I noticed lately a stretch of mushrooms in the yard. There were small ones popping up near my rose bushes, and larger ones in the backyard reaching toward the pine trees. I also observed they all grew in rows. They did not simply appear in a bunch, but grew along the edging in the rose bed and then in their own outlined row up the hill in the back. Being a neat freak with a preference for order, I appreciated this design.
Despite our weather being odd, warm when it should be cold, and now bitterly cold (it is December after all!), they grew despite the strange and dry weather.
As I studied the beige fungi, I thought how courageous they were to just appear. And then to go in a direction of their choosing. Well, I’m not entirely sure that is how it works. But in my creative, imaginative, writer’s mind, that is what I had decided.
And sometimes, as writers, we not only appear, but we expand beyond the reaches of either normalcy or what is expected. It takes courage to put our work out there, but we do it because we love what we do.
I was in a writing group where we were tasked to write pieces based upon prompts our host was sharing. One of the prompts asked us to think about challenges we had to overcome in our writing journey. I have had many, as I am sure you have, but my poetry journey stood out in this instance. I wrote more on my challenge in a recent blog post, but in short, I had listened to the negativity so much early in my writing life that I had given it up for a long time. It was only reawakened last year during April’s National Poetry Month.

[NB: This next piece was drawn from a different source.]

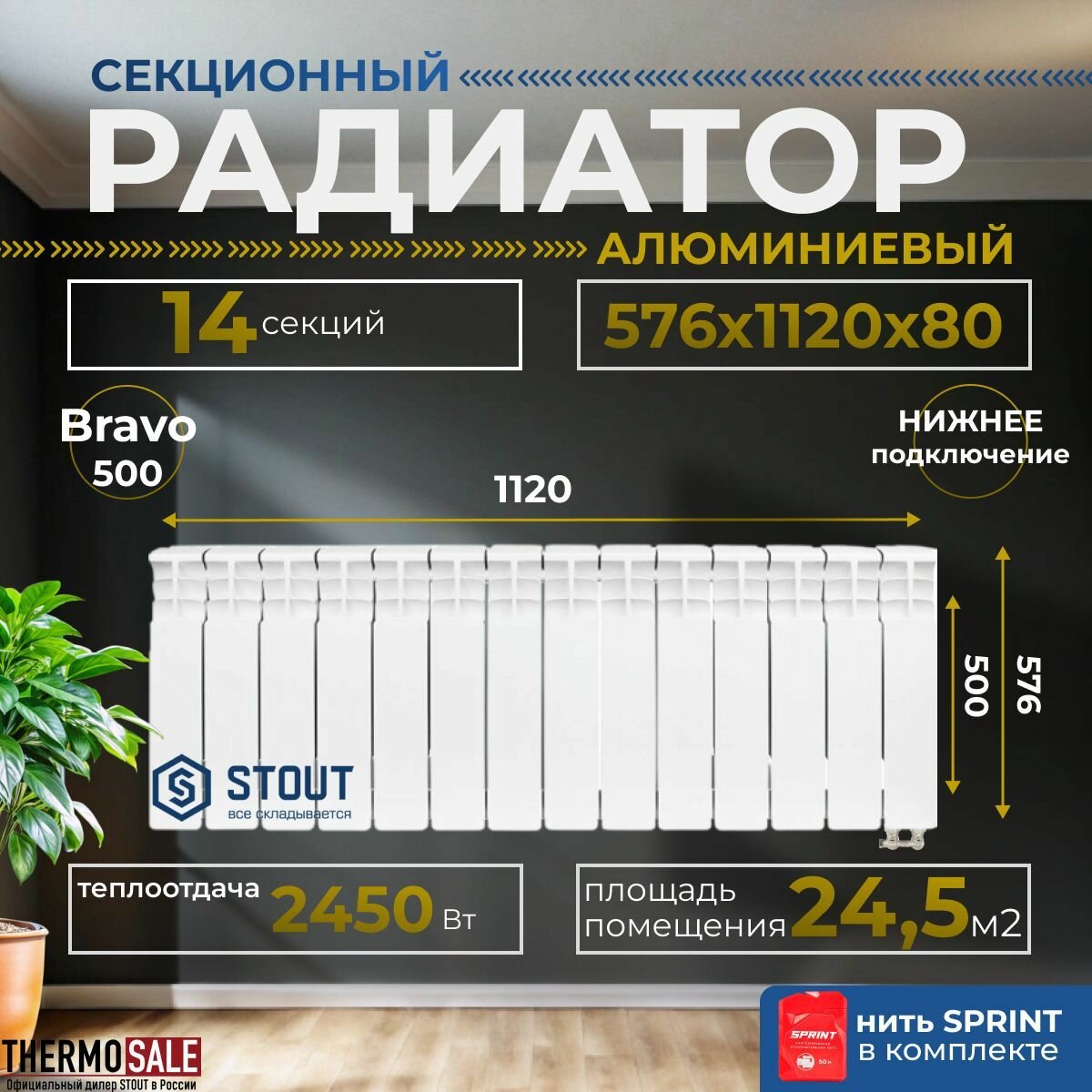Радиатор алюминиевый 500 12 секции нижнее правое подключение STOUT Bravo Нить сантехническая

Negativity, criticism, and disbelief that we can ever become anyone with our writing can bring us down for sure. Or we might experience other challenges—health, disasters, economic problems—that can trip us up in our writing travels for a while because now our focus is needed elsewhere.
In all my many years of writing, in various forms, I have not always known the direction I should aim. But I keep moving. I keep writing, knowing my labor in penning amazing stories and words is not wasted.
We can choose our direction in our writing journey. Or we may simply choose the destination and remain open to the various routes that get us there.
The key is to write where you are in life despite your current environment. You might only write a little before you write more. But pretty soon, you will have a trail of work behind you as you lead the way in your journey.